Problem to solve
Copy each line below that contains "Ужице".

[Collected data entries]
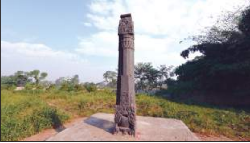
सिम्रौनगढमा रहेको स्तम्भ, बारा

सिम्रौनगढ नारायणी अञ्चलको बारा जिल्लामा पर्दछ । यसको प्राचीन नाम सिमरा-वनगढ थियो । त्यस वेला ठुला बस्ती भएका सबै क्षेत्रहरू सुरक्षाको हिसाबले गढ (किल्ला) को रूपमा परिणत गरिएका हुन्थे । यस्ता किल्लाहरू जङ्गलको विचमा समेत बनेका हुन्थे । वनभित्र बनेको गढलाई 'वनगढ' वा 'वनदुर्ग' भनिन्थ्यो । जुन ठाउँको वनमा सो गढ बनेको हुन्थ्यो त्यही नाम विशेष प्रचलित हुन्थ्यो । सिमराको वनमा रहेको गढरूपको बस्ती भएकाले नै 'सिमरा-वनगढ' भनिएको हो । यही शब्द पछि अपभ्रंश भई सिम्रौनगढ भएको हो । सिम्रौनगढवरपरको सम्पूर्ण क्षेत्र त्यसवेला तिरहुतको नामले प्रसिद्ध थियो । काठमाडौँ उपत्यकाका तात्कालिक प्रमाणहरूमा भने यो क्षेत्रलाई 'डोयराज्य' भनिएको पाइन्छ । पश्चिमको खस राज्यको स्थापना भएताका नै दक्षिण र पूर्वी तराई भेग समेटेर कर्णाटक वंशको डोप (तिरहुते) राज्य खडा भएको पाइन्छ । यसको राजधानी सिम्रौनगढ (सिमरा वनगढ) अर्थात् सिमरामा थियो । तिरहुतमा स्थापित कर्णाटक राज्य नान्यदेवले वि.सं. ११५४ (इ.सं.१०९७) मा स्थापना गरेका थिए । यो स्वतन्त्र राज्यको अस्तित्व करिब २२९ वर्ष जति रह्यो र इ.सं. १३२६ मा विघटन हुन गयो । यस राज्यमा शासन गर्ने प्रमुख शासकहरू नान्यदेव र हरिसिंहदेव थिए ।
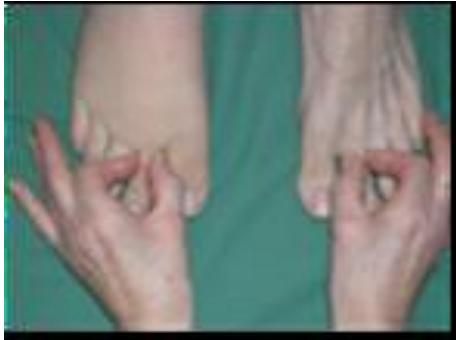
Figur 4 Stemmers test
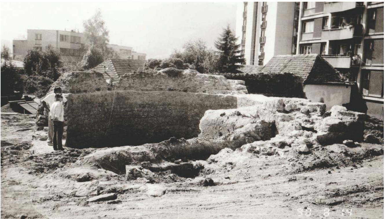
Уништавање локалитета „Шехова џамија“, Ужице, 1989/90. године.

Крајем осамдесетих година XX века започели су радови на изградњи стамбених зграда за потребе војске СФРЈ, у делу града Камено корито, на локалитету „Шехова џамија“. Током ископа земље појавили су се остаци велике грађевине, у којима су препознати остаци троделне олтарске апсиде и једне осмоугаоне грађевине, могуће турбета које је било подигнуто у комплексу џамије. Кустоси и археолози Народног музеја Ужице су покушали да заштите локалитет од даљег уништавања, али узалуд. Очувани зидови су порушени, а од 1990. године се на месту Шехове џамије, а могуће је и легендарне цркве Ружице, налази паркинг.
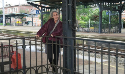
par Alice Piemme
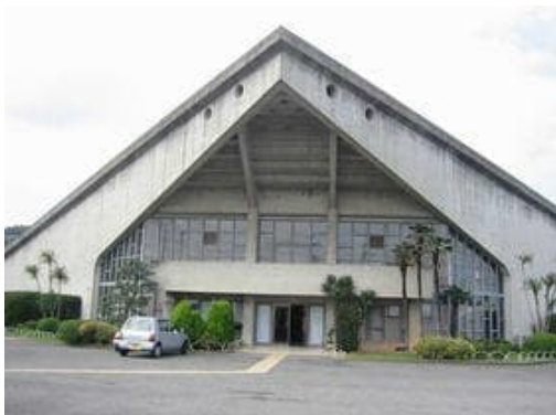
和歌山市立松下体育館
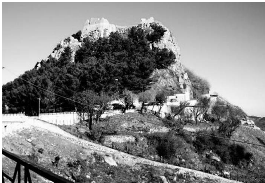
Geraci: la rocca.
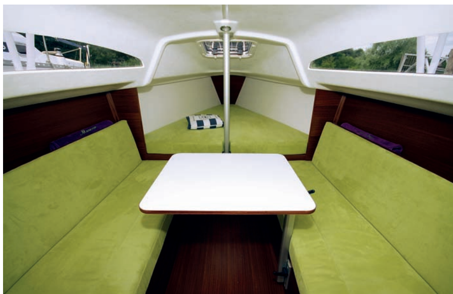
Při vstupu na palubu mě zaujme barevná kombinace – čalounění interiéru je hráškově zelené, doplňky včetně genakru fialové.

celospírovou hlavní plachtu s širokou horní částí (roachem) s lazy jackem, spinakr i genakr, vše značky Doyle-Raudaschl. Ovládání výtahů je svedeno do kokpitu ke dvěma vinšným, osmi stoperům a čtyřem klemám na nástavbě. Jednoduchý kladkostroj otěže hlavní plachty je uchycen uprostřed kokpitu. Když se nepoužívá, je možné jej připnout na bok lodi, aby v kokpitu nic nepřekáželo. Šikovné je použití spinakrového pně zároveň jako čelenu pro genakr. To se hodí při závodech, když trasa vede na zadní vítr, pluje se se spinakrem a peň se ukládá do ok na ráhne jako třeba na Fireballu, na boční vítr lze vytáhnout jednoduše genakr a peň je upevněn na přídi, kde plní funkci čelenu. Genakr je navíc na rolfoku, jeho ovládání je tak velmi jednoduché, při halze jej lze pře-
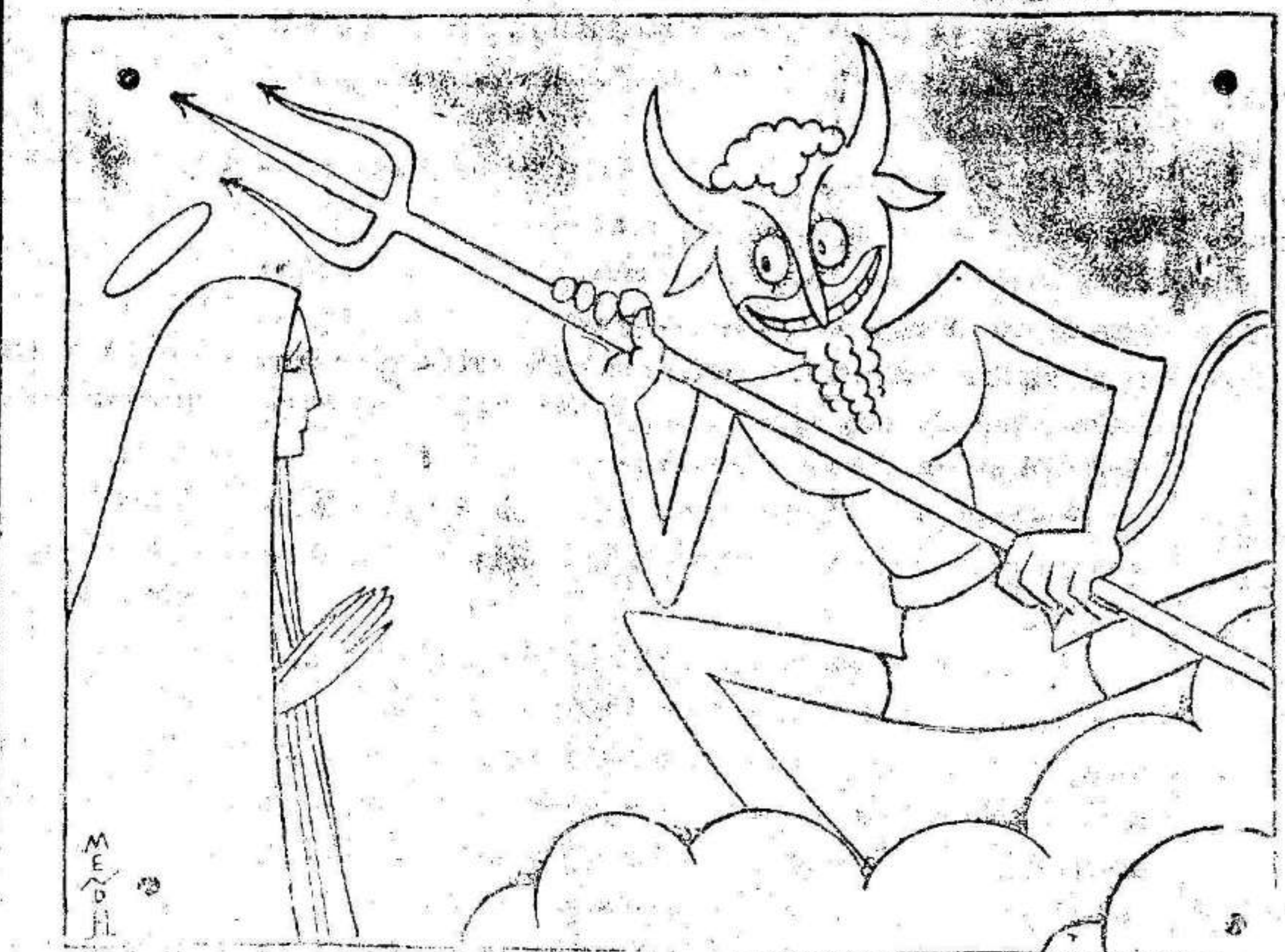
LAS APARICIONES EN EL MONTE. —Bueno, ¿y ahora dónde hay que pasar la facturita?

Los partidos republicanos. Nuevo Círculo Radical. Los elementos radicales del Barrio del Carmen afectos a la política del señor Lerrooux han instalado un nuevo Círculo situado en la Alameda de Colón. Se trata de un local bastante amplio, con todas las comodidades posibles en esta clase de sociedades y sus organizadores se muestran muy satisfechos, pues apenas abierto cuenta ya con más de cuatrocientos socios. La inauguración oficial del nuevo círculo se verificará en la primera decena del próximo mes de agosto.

Completed exercise
Уништавање локалитета „Шехова џамија“, Ужице, 1989/90. године.
Крајем осамдесетих година XX века започели су радови на изградњи стамбених зграда за потребе војске СФРЈ, у делу града Камено корито, на локалитету „Шехова џамија“. Током ископа земље појавили су се остаци велике грађевине, у којима су препознати остаци троделне олтарске апсиде и једне осмоугаоне грађевине, могуће турбета које је било подигнуто у комплексу џамије. Кустоси и археолози Народног музеја Ужице су покушали да заштите локалитет од даљег уништавања, али узалуд. Очувани зидови су порушени, а од 1990. године се на месту Шехове џамије, а могуће је и легендарне цркве Ружице, налази паркинг.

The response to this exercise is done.